How Macron gamed the EU COVID fund

The ‘transfer union’, it turns out, will largely be a transfer to France

eu covid fund
Angela Merkel and Emmanuel Macron

There are not that many advantages to electing a former investment banker as president. They are often aloof. They don’t have much in the way of a common touch. And they have a sense of entitlement that blinds them to their failings. There is, however, always this to make up for all that. They know how to make a bond issue work for the bottom line. And in designing a ‘rescue fund’ to get the EU through the COVID-19 crisis, France’s President Macron, an alumnus of Rothschild & Cie, has put some of those skills…

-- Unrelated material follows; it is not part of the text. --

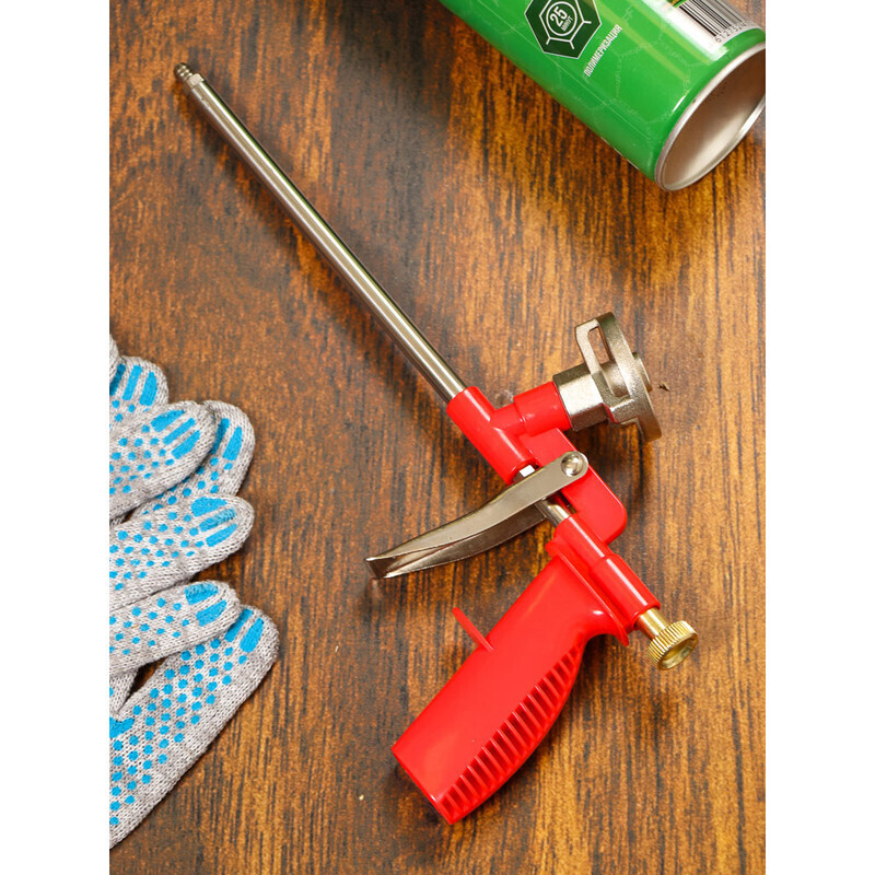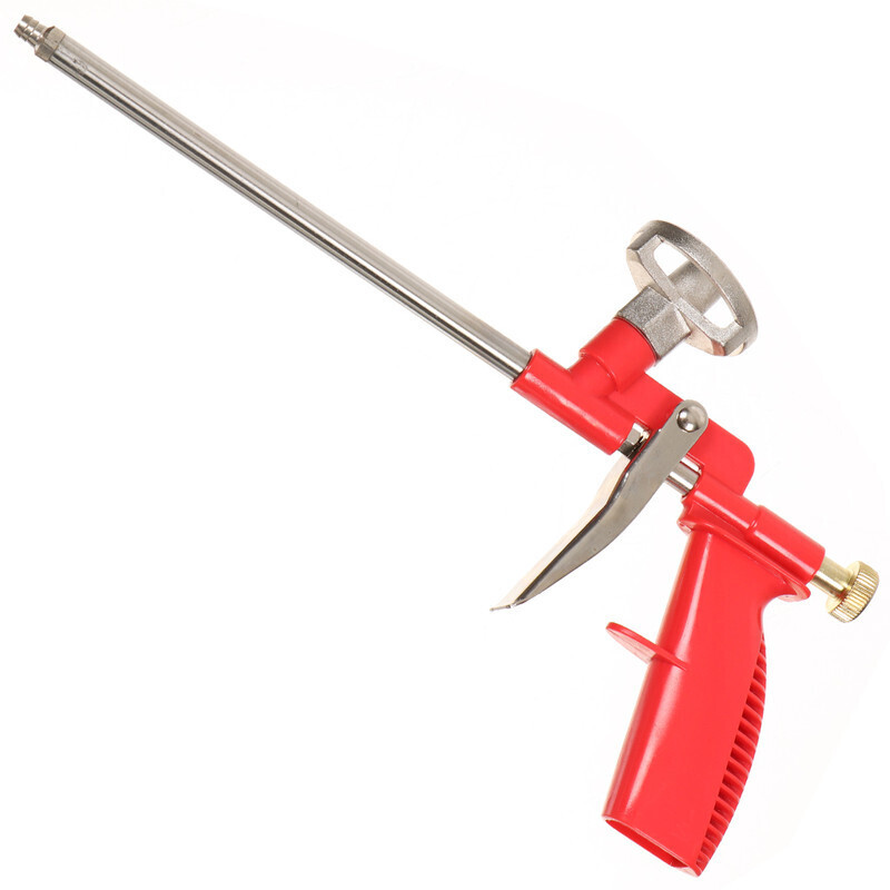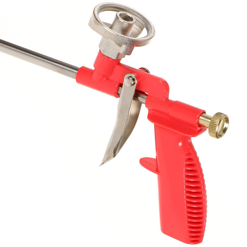 Пистолет для монтажной пены представляет собой специальный инструмент, благодаря которому работа с монтажной пеной проходит более точно. Благодаря возможности регулировать поток пены, пистолет идеально подходит для точного, быстрого и безопасного заполнения щелей и пустот. По сути, пистолет для монтажной пены представляет собой трубку со специальными клапанами, расположенными на обоих ее концах. Для большего удобства во время работы трубка оборудована пистолетной ручкой и курковым приводом выпускного клапана посредством стержня, который в свою очередь пропущен через трубку.

There are not that many advantages to electing a former investment banker as president. They are often aloof. They don’t have much in the way of a common touch. And they have a sense of entitlement that blinds them to their failings. There is, however, always this to make up for all that. They know how to make a bond issue work for the bottom line. And in designing a ‘rescue fund’ to get the EU through the COVID-19 crisis, France’s President Macron, an alumnus of Rothschild & Cie, has put some of those skills to work.

Earlier this week, Macron announced a deal with Germany’s Angela Merkel to create a €500 billion ($547 billion) European Union rescue fund for coping with the coronavirus crisis. It came complete with lots of grand talk of ‘solidarity’ and ‘burden-sharing’ among the people of Europe. The EU’s fanboys immediately hailed it as a ‘Hamilton moment’ that would, at last, create a proper European Treasury, a transfer union alongside a monetary and political one. In a crisis, a single European identity would be forged (and so on and so on — this stuff more or less writes itself).

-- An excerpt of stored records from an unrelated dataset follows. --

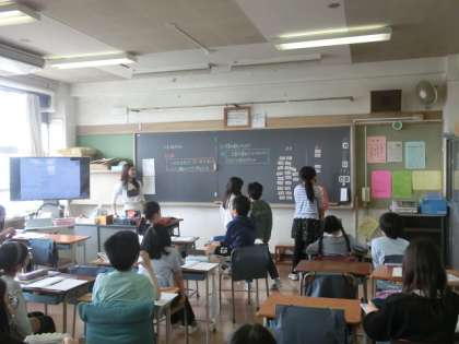 天気の変化には、法則があるのかを考えています。「ある」「ない」の自分の考えをはっきりさせ、黒板に名前を張っています。そのあとは、自分の考えの根拠をノートに書きだしています。
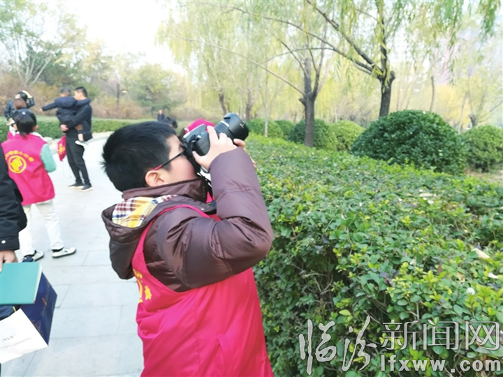 临汾新闻网讯 掌握摄影技巧,争当全能小记者。11月23日,80余名临汾日报小记者分批走进古城公园,在小记者团老师的带领下,学习摄影知识,寻找“冬”的踪迹。
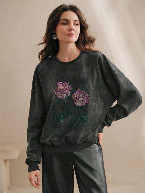 เสื้อสเวตเตอร์งานศิลปะลายดอกกุหลาบพลอยเทียมเสื้อสเวตเตอร์คอกลมแขนยาวลายดอกไม้กราฟิกสวมใส่สบาย
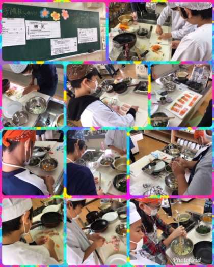 にんじんを大きくカットしすぎてベーコンを巻くのに苦労している班があったり、ハンバーグの中に入れる玉ねぎを大きくカットしすぎて混ぜにくくなってしまった班があったりもしましたが、どの班も協力しながら、手際良く作業を進めていました☆☆☆
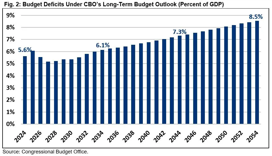 - Deficits Will Grow Rapidly, from an already-high 5.6 percent of GDP in FY 2024 to 8.5 percent of GDP by 2054. The 2054 deficit will be more than twice the 50-year historical average and higher than any time in modern history outside of World War II, the Great Recession, and the COVID-19 pandemic.
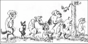 Llega un paisano al bar del pueblo y deja atada su perra a un árbol. Al instante una jauría de perros se arremolina a su alrededor tratando de conquistarla. En medio de un concierto de ladridos, gruñidos, mordiscos y aullidos, un policía entra al bar y pregunta por el dueño de la perra. El paisano, que estaba tomando un vaso grande de ginebra, levanta la mano y dice: "yo".

Really? Some German think tanks quoted in Die Welt have started to crunch through the numbers, in the way German think tanks will. And they have discovered something interesting. The fund may largely work to France’s advantage, even though it is the second-largest economy in the EU, and one of the richest.

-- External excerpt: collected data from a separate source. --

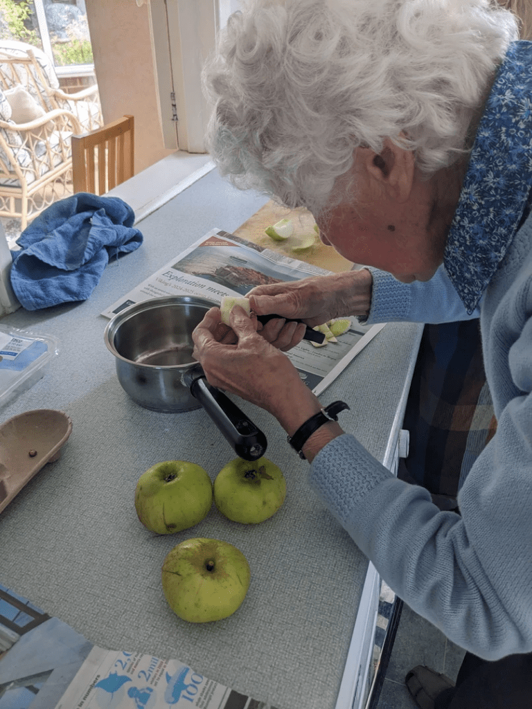 Gma: Yes. But, no you have been helpful, haven’t you? You peeled the apples and everything.
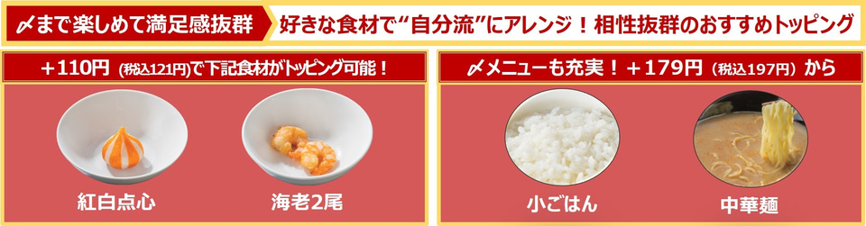 また、トッピングとして「紅白点心」「海老」、シメメニューとして「中華麺」「小ごはん」を用意しており、好みで追加できる。
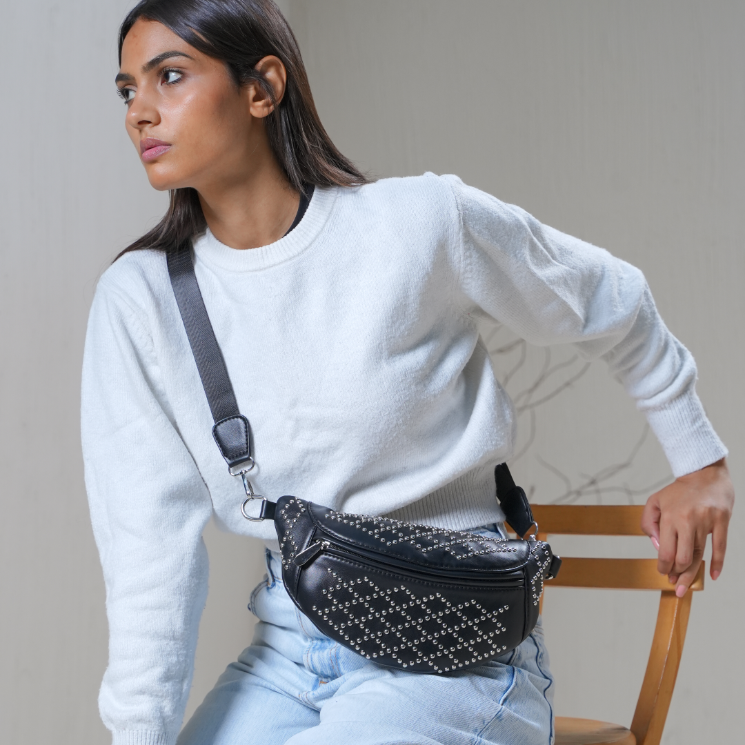 A statement belt bag designed for hands-free confidence and style. Crafted from premium leather and finished with full-surface metallic studs, it brings a bold, modern edge to any outfit. The spacious main compartment keeps your essentials secure and easy to reach, while the adjustable strap lets you wear it around the waist or across the chest. Durable, stylish, and effortlessly cool — the perfect everyday piece with a strong attitude.

Here’s the math. France is currently the third-largest net contributor to the EU, at €7 billion ($7.6 billion) a year once you add up what it pays in and what it gets back (it is behind both the UK and Germany, but we are off very soon). The rescue fund will be distributed according to how badly you have been hit by the virus. France, Spain and Italy are the three worst hit countries by a large margin. It will also pay for ‘support schemes’. France’s are far more generous than anywhere else.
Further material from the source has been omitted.